Regarding the possibility that Teleglobe and Telecom Canada may elect to retain the existing settlement method for Canadian-billed traffic, the Commission notes that, while the proposed change in settlement arrangements for Canadian-billed traffic would complement the OCP provisions, Teleglobe indicated that the remittance arrangement was not a precondition to Teleglobe's agreement to the proposed OCP provisions.
III ANTICIPATED ACCESS TARIFFS
In final argument, Teleglobe requested that the Commission indicate its support for the concept of Teleglobe making gateway access tariffs available to domestic service providers for outbound traffic, coincident with domestic service providers making similar tariffs available to Teleglobe for inbound traffic.
CTA submitted that the Commission should give full approval to the concept of the gateway access tariff for outbound traffic and urge Teleglobe to proceed with an application at the earliest date.
Bell stated that no substantive discussions have yet been held between Telecom Canada and Teleglobe pertaining to the establishment of an inbound termination tariff. Bell's view was that this matter should be addressed following negotiations that result in a specific proposal.

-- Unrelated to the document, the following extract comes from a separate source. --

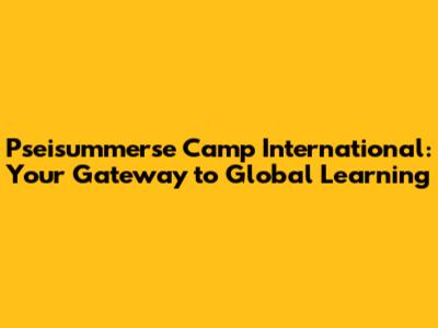 Pseisummerse Camp International: Your Gateway To Global Learning

The Commission considers the establishment of a gateway access tariff for outbound traffic to be generally appropriate. Such a tariff would enable the Commission to implement a specific Teleglobe revenue requirement, ensuring that it maintains the authority to regulate Teleglobe in a manner consistent with its obligation to ensure that rates are just and reasonable. In addition, such a tariff would provide the domestic service providers with greater flexibility in designing and packaging services for their customers and, by eliminating the requirement for negotiations with respect to outbound settlement rates, reduce the potential for protracted negotiations or settlement disputes.
The Commission notes that, in Exhibit TCI 91-800 and in its responses to the Commission's interrogatories of 21 June 1991, Teleglobe indicated that there is an agreement in principle between itself and Telecom Canada to reduce, over the next 3 to 5 years, the domestic settlements paid to Telecom Canada to a level that will reflect the prevailing Canada-Canada MTS rate schedule at that time. Teleglobe also indicated that, conceivably, the inbound settlement rates could be included in the tariffs of the federally regulated telephone companies and adjusted on a yearly basis to reflect prospectively the most recent inbound traffic patterns and prevailing Canada-Canada MTS rates.
Teleglobe's desire for an indication of the Commission's views on the appropriateness of the coincident establishment of inbound tariffs was not made known until well into the proceeding. As a result, parties may not have had adequate notice of the issue. The Commission is of the view that the potential implications of adopting an inbound termination tariff received a less than adequate consideration during this proceeding.
The Commission notes that an inbound termination tariff, like a gateway access tariff for outbound traffic, may eliminate the need for negotiations with respect to the applicable settlement rates, thus reducing the potential for protracted negotiations or settlement disputes. However, given the timing of Teleglobe's request, the Commission is of the view that further examination of the question of establishing an inbound termination tariff would be required before the Commission would be prepared to make any determination as to its general appropriateness.